(SUPPLIED DATA begins)

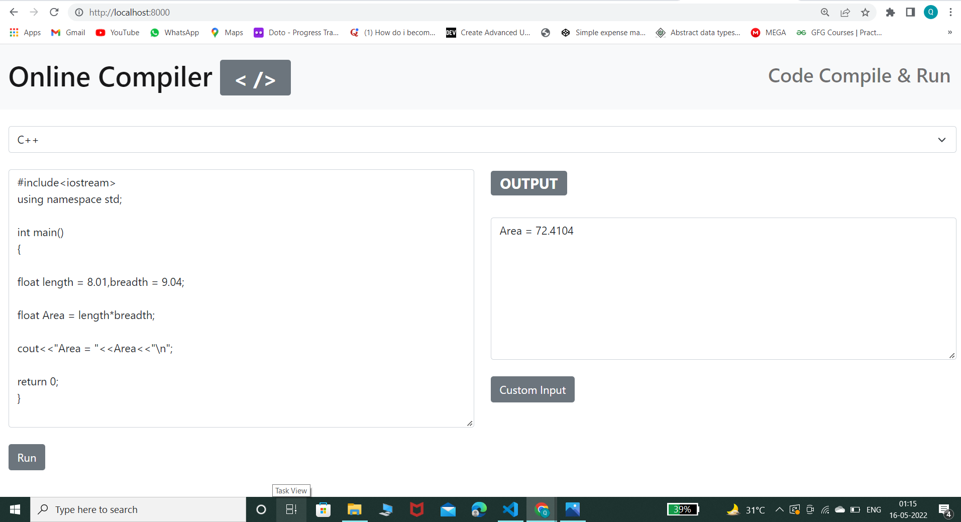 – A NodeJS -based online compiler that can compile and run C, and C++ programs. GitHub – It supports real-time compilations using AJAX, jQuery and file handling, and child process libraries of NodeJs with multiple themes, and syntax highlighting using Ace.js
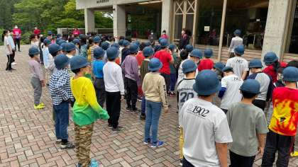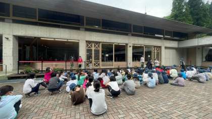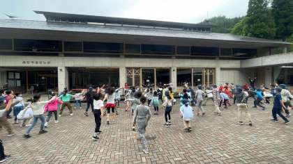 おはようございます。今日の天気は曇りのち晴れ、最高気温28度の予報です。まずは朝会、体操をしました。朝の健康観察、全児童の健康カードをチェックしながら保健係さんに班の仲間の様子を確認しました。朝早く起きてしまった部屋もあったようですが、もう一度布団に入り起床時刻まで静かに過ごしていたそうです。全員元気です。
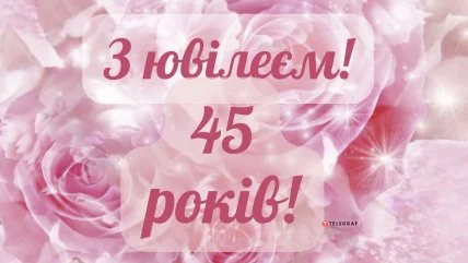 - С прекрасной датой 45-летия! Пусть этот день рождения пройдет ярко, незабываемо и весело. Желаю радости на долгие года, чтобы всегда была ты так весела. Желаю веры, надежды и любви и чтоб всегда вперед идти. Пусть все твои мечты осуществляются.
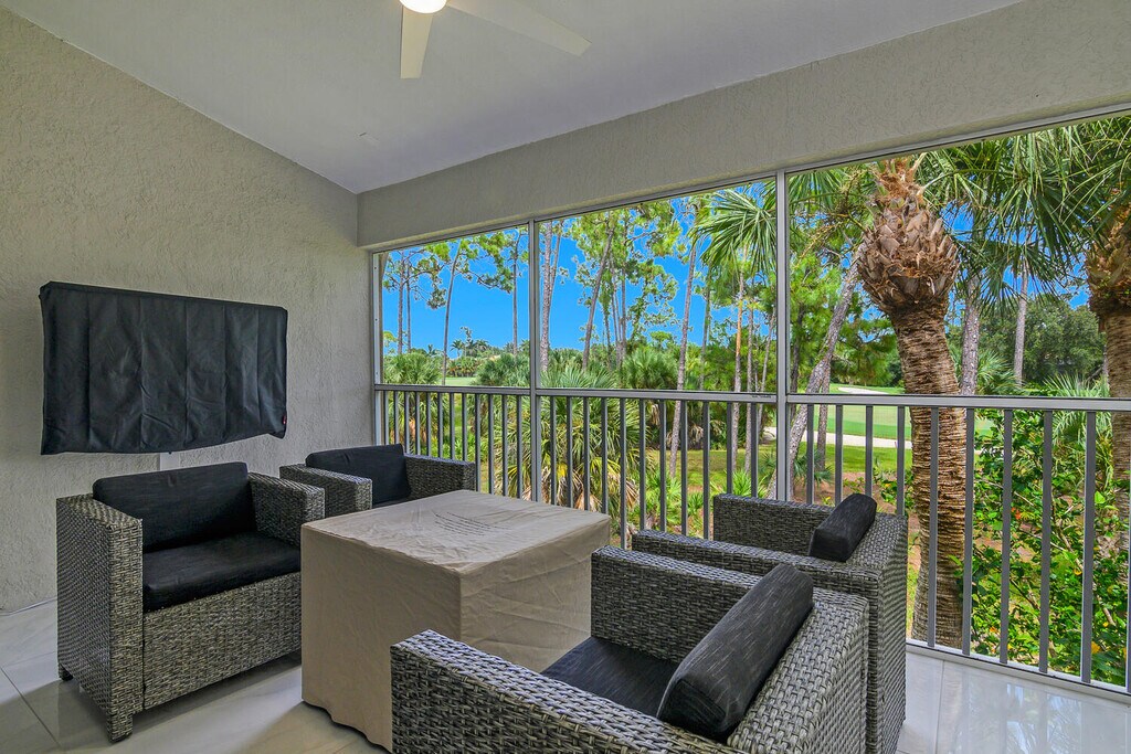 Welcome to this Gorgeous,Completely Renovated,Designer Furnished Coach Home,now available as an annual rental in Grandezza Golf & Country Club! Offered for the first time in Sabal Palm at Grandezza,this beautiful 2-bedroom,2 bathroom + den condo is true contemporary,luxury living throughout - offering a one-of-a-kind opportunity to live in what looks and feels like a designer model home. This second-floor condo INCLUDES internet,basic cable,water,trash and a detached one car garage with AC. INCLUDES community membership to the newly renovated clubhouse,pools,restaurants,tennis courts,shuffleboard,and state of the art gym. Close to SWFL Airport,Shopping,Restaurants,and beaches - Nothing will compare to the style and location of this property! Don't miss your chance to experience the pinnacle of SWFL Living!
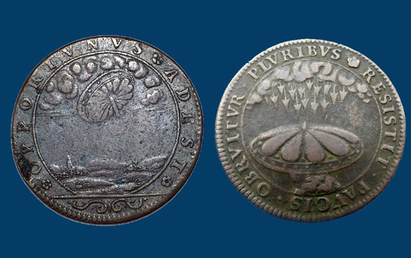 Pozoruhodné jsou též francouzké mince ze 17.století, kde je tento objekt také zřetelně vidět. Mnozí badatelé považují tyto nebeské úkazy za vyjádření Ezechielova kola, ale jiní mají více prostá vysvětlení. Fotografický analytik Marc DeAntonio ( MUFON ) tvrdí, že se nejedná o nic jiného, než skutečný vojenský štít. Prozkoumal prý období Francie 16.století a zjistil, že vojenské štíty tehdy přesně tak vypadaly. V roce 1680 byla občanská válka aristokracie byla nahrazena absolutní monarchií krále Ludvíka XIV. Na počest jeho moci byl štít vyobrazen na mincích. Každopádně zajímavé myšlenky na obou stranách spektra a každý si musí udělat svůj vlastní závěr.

(SUPPLIED DATA ends)

• _WORK TO COMPLETE_: Skip every picture, and give the rest of the material above again exactly.

• _EXERCISE RESULT_:
 – A NodeJS -based online compiler that can compile and run C, and C++ programs. GitHub – It supports real-time compilations using AJAX, jQuery and file handling, and child process libraries of NodeJs with multiple themes, and syntax highlighting using Ace.js
 おはようございます。今日の天気は曇りのち晴れ、最高気温28度の予報です。まずは朝会、体操をしました。朝の健康観察、全児童の健康カードをチェックしながら保健係さんに班の仲間の様子を確認しました。朝早く起きてしまった部屋もあったようですが、もう一度布団に入り起床時刻まで静かに過ごしていたそうです。全員元気です。
 - С прекрасной датой 45-летия! Пусть этот день рождения пройдет ярко, незабываемо и весело. Желаю радости на долгие года, чтобы всегда была ты так весела. Желаю веры, надежды и любви и чтоб всегда вперед идти. Пусть все твои мечты осуществляются.
 Welcome to this Gorgeous,Completely Renovated,Designer Furnished Coach Home,now available as an annual rental in Grandezza Golf & Country Club! Offered for the first time in Sabal Palm at Grandezza,this beautiful 2-bedroom,2 bathroom + den condo is true contemporary,luxury living throughout - offering a one-of-a-kind opportunity to live in what looks and feels like a designer model home. This second-floor condo INCLUDES internet,basic cable,water,trash and a detached one car garage with AC. INCLUDES community membership to the newly renovated clubhouse,pools,restaurants,tennis courts,shuffleboard,and state of the art gym. Close to SWFL Airport,Shopping,Restaurants,and beaches - Nothing will compare to the style and location of this property! Don't miss your chance to experience the pinnacle of SWFL Living!
 Pozoruhodné jsou též francouzké mince ze 17.století, kde je tento objekt také zřetelně vidět. Mnozí badatelé považují tyto nebeské úkazy za vyjádření Ezechielova kola, ale jiní mají více prostá vysvětlení. Fotografický analytik Marc DeAntonio ( MUFON ) tvrdí, že se nejedná o nic jiného, než skutečný vojenský štít. Prozkoumal prý období Francie 16.století a zjistil, že vojenské štíty tehdy přesně tak vypadaly. V roce 1680 byla občanská válka aristokracie byla nahrazena absolutní monarchií krále Ludvíka XIV. Na počest jeho moci byl štít vyobrazen na mincích. Každopádně zajímavé myšlenky na obou stranách spektra a každý si musí udělat svůj vlastní závěr.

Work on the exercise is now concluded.